┌─ Data section
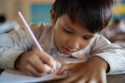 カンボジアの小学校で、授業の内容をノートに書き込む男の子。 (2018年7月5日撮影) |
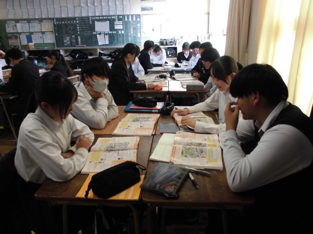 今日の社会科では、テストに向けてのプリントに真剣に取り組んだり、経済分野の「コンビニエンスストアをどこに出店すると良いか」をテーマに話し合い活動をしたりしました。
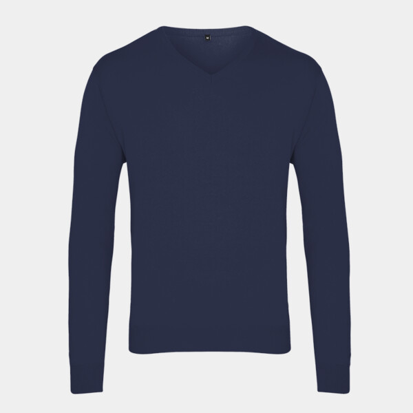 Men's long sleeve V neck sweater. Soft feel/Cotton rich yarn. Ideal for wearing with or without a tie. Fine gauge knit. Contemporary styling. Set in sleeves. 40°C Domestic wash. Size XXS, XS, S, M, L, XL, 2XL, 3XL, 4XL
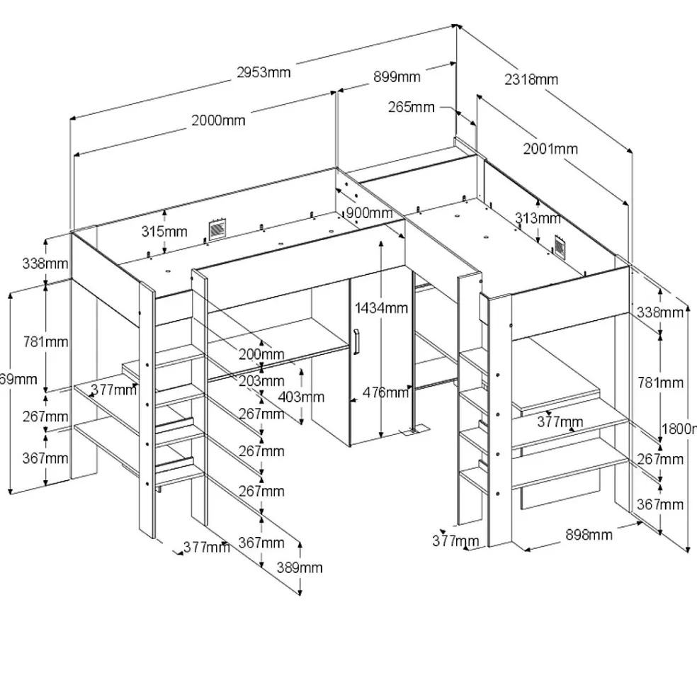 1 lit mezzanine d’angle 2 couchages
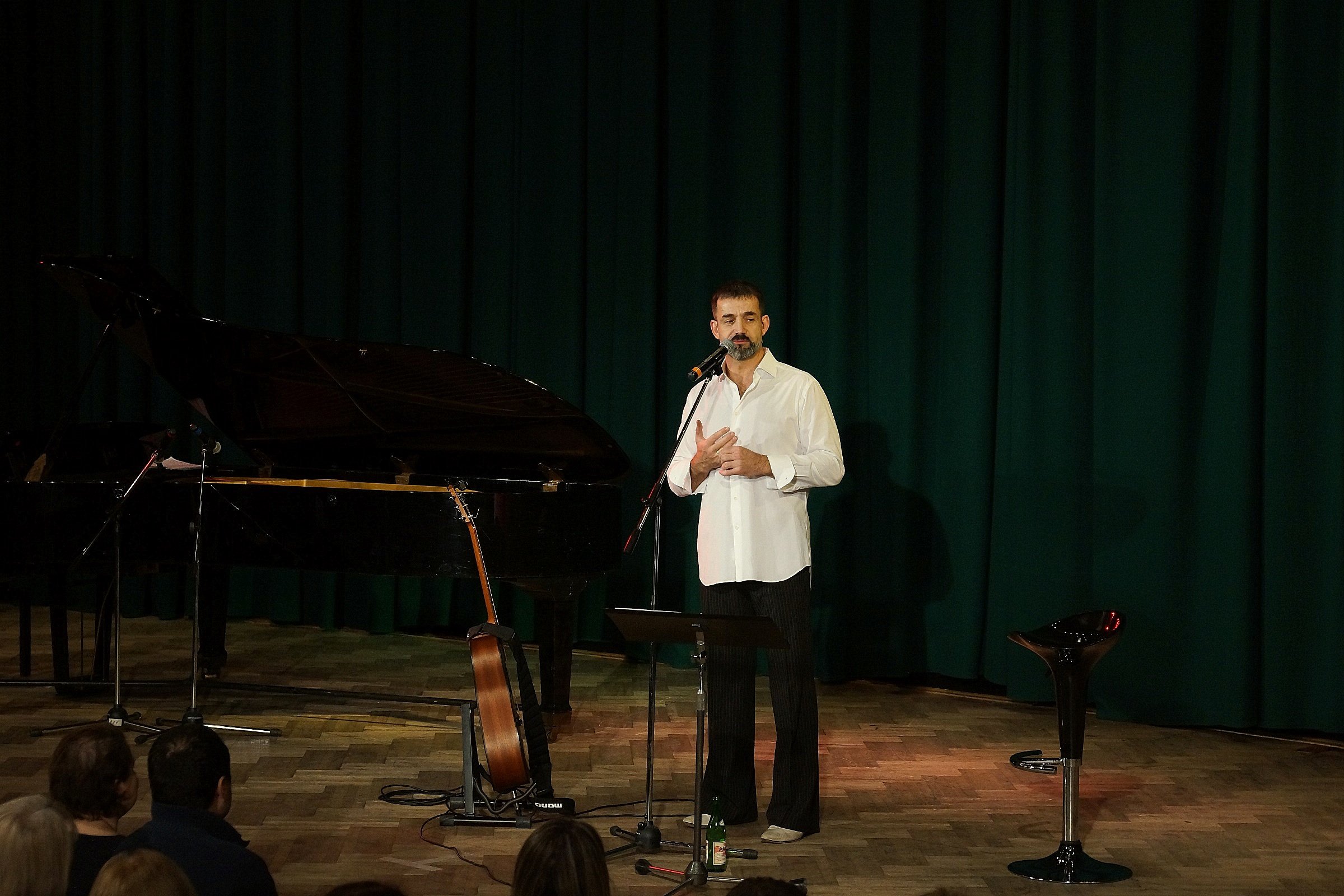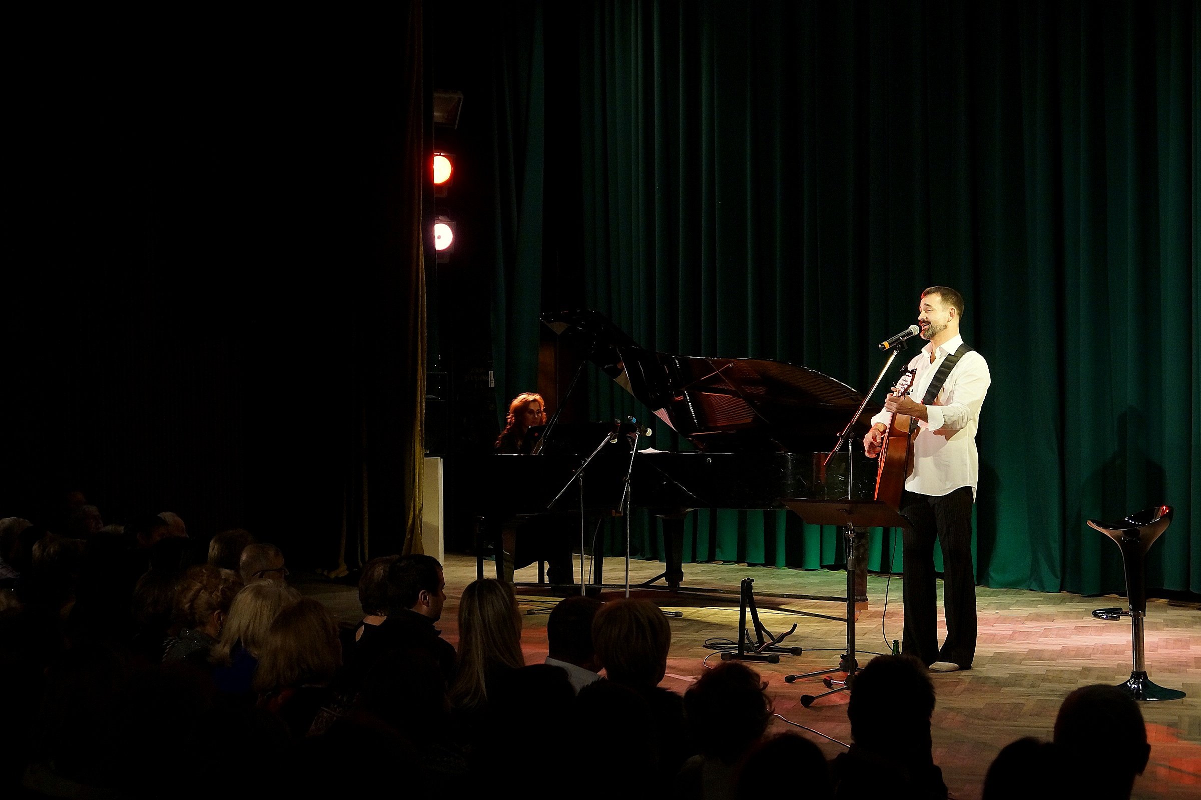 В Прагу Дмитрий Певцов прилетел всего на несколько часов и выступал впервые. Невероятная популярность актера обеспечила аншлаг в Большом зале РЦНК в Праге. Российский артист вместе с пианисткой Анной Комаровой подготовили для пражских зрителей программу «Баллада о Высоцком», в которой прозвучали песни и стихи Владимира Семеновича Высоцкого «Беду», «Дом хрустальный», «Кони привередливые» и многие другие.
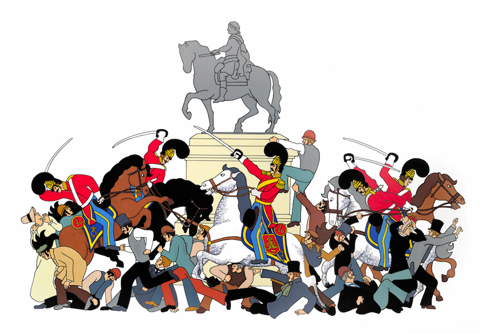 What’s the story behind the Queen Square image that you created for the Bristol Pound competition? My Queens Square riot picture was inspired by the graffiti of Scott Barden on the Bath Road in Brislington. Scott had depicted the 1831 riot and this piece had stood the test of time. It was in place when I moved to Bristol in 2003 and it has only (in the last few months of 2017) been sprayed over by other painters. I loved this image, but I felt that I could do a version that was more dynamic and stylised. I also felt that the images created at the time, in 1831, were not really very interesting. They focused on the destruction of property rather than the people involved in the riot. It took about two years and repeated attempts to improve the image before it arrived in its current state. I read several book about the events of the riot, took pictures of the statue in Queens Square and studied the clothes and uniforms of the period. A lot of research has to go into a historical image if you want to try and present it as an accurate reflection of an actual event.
└─
### What to do
Reproduce the records above exactly, excluding every picture.

### Completed task
 カンボジアの小学校で、授業の内容をノートに書き込む男の子。 (2018年7月5日撮影) |
 今日の社会科では、テストに向けてのプリントに真剣に取り組んだり、経済分野の「コンビニエンスストアをどこに出店すると良いか」をテーマに話し合い活動をしたりしました。
 Men's long sleeve V neck sweater. Soft feel/Cotton rich yarn. Ideal for wearing with or without a tie. Fine gauge knit. Contemporary styling. Set in sleeves. 40°C Domestic wash. Size XXS, XS, S, M, L, XL, 2XL, 3XL, 4XL
 1 lit mezzanine d’angle 2 couchages
 В Прагу Дмитрий Певцов прилетел всего на несколько часов и выступал впервые. Невероятная популярность актера обеспечила аншлаг в Большом зале РЦНК в Праге. Российский артист вместе с пианисткой Анной Комаровой подготовили для пражских зрителей программу «Баллада о Высоцком», в которой прозвучали песни и стихи Владимира Семеновича Высоцкого «Беду», «Дом хрустальный», «Кони привередливые» и многие другие.
 What’s the story behind the Queen Square image that you created for the Bristol Pound competition? My Queens Square riot picture was inspired by the graffiti of Scott Barden on the Bath Road in Brislington. Scott had depicted the 1831 riot and this piece had stood the test of time. It was in place when I moved to Bristol in 2003 and it has only (in the last few months of 2017) been sprayed over by other painters. I loved this image, but I felt that I could do a version that was more dynamic and stylised. I also felt that the images created at the time, in 1831, were not really very interesting. They focused on the destruction of property rather than the people involved in the riot. It took about two years and repeated attempts to improve the image before it arrived in its current state. I read several book about the events of the riot, took pictures of the statue in Queens Square and studied the clothes and uniforms of the period. A lot of research has to go into a historical image if you want to try and present it as an accurate reflection of an actual event.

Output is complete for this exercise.